ComposableART And Unheard Combinations
Beyond the dataset, Nvidia is emphasizing a system called ComposableART, short for “Audio Representation Transformation.” It can take text and/or audio prompts and use “conditional guidance” to control and generate combinations of instructions and tasks.
In practical terms, ComposableART is meant to combine traits learned from different examples. That can produce “highly customizable audio outputs outside the training distribution,” including sounds that were not directly present in the training material.
The examples are deliberately unusual. Nvidia has shown combinations such as a violin that “sounds like a laughing baby or a banjo that’s playing in front of gentle rainfall” and “factory machinery that screams in metallic agony.” Some results are described as more convincing than others, but the broader achievement is that the model can attempt such distant blends at all.
One of Fugatto’s more important ideas is that traits are treated as continuums. A sound can sit between an acoustic guitar and running water, with the result changing depending on how heavily each side is weighted. Nvidia also mentions changing how heavy a French accent sounds or adjusting the “degree of sorrow” in a spoken clip.
Where This Could Fit In Audio Work
Fugatto also handles tasks associated with earlier audio models. It can change emotion in spoken text, isolate a vocal track from music, detect individual notes in MIDI music and replace them with vocal performances, and detect a beat so effects can be added in rhythm.

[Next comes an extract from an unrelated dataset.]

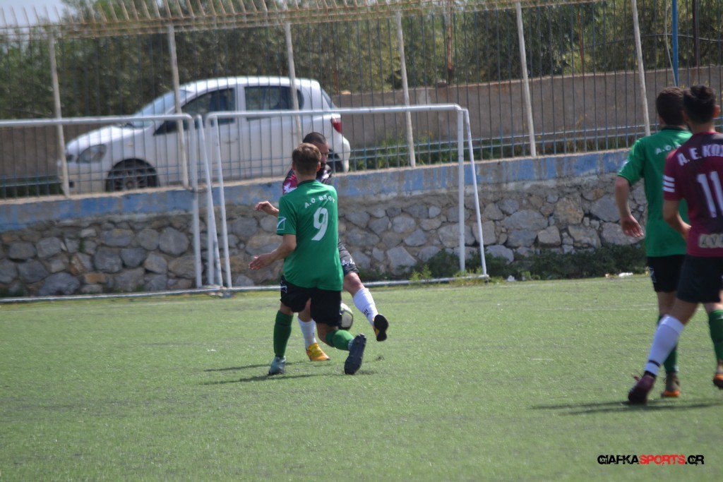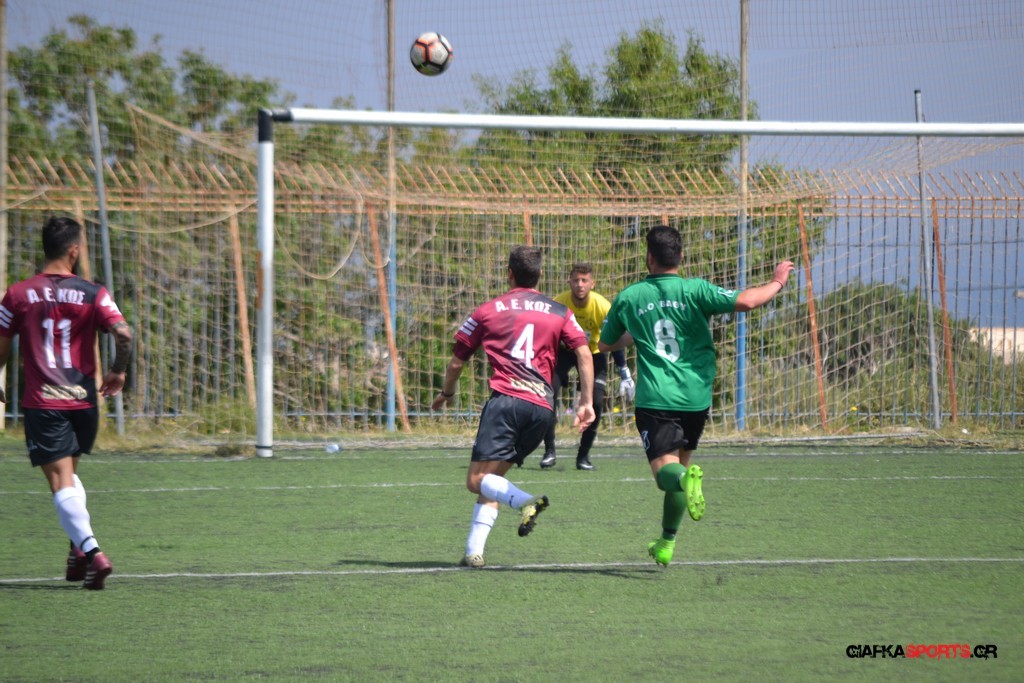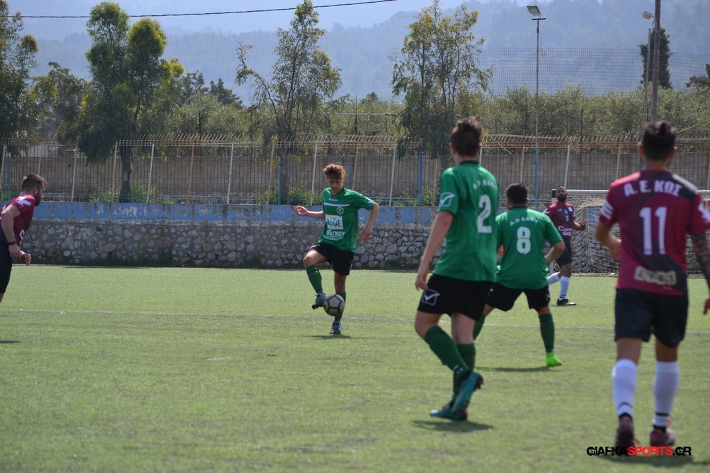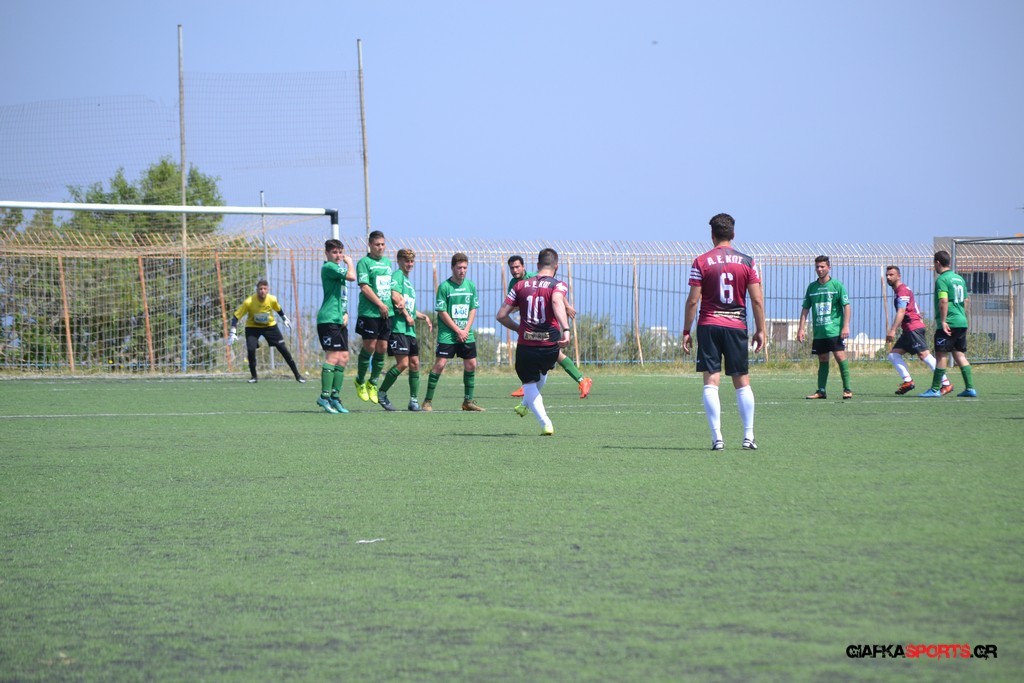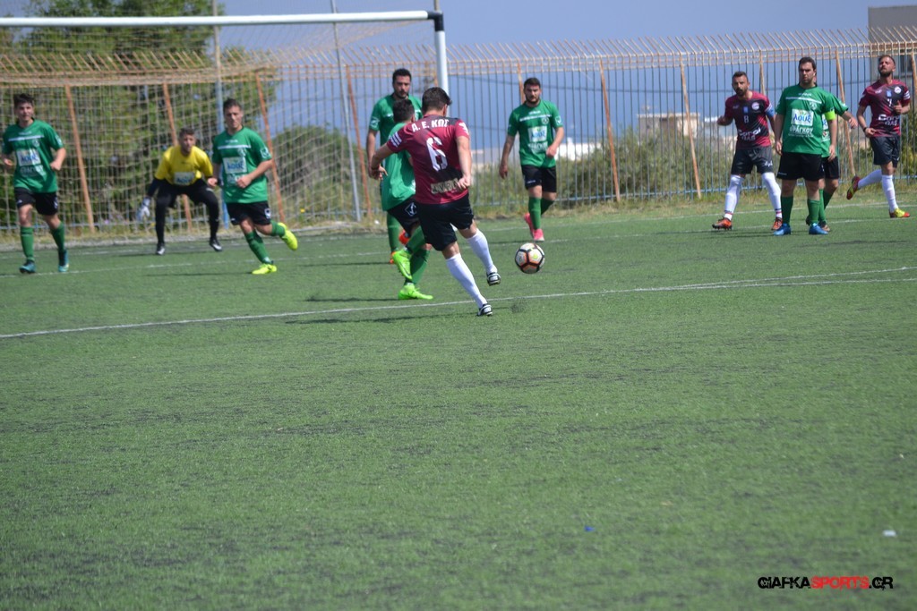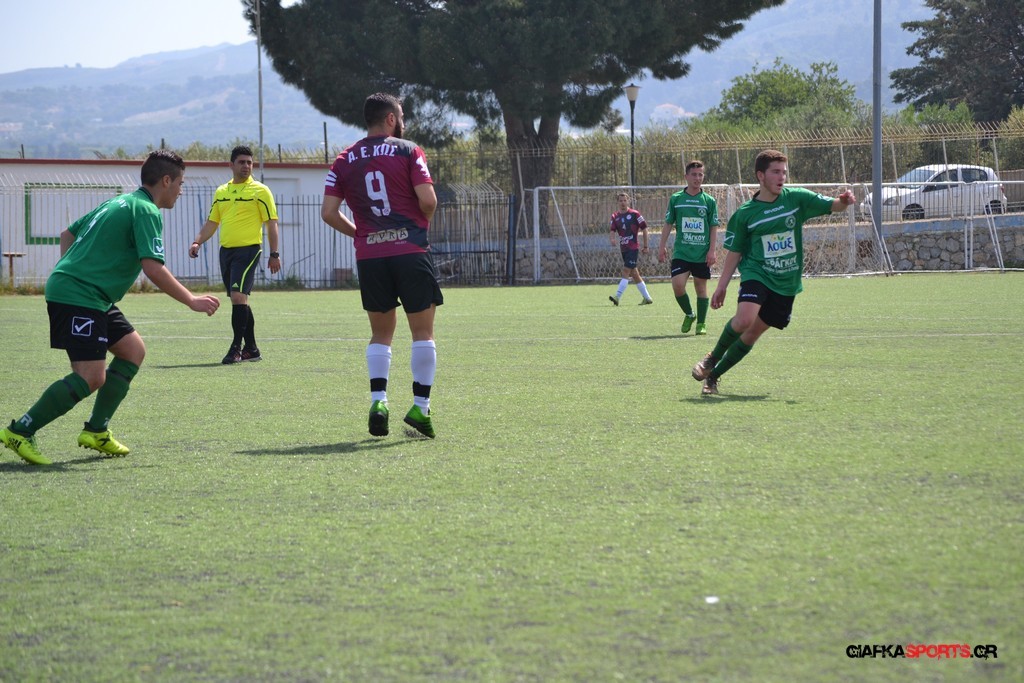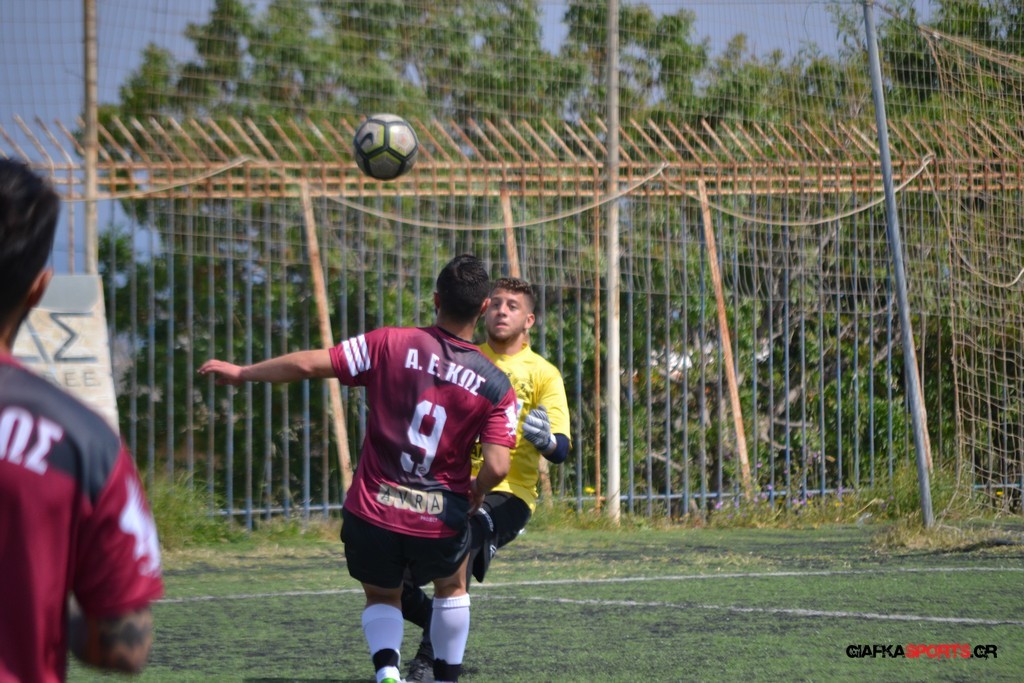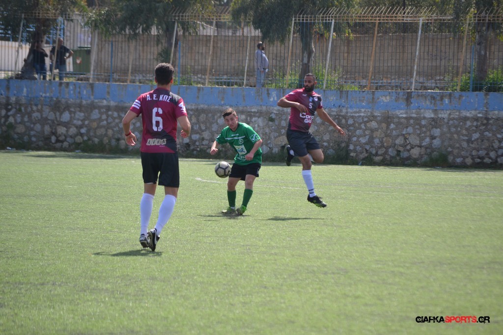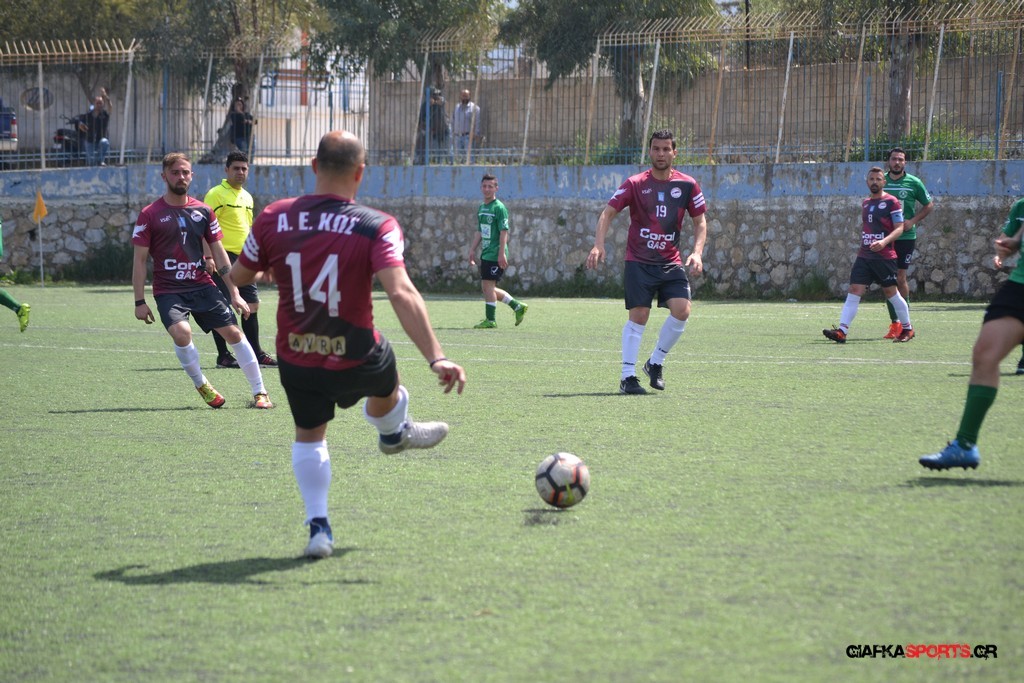 Η Α.Ε Κως είχε τον έλεγχο και την κυκλοφορία και στο 32’ ο Βασιλειάδης με το στήθος έσπρωξε την μπάλα στα δίχτυα κάνοντας το 3-0 για την ομάδα του που ήταν το αποτέλεσμα του πρώτου ημιχρόνου.

The source mentions possible use cases including song prototyping, dynamically changing video game scores, and international ad targeting. These examples all depend on a similar need: fast, controllable changes to audio without rebuilding every element from scratch.
Nvidia’s researchers describe Fugatto as a first step “towards a future where unsupervised multitask learning emerges from data and model scale.” Nvidia also frames models like Fugatto as tools for audio artists rather than replacements for creative work.
“The history of music is also a history of technology,” Nvidia Inception participant and producer/songwriter Ido Zmishlany said in Nvidia’s blog post. “The electric guitar gave the world rock and roll. When the sampler showed up, hip-hop was born. With AI, we’re writing the next chapter of music. We have a new instrument, a new tool for making music—and that’s super exciting.”
For now, Fugatto is best understood as a demonstration of where AI audio research is heading. The model shows how future tools may let creators move beyond generating a sound and toward shaping sound as a set of adjustable, mixable properties.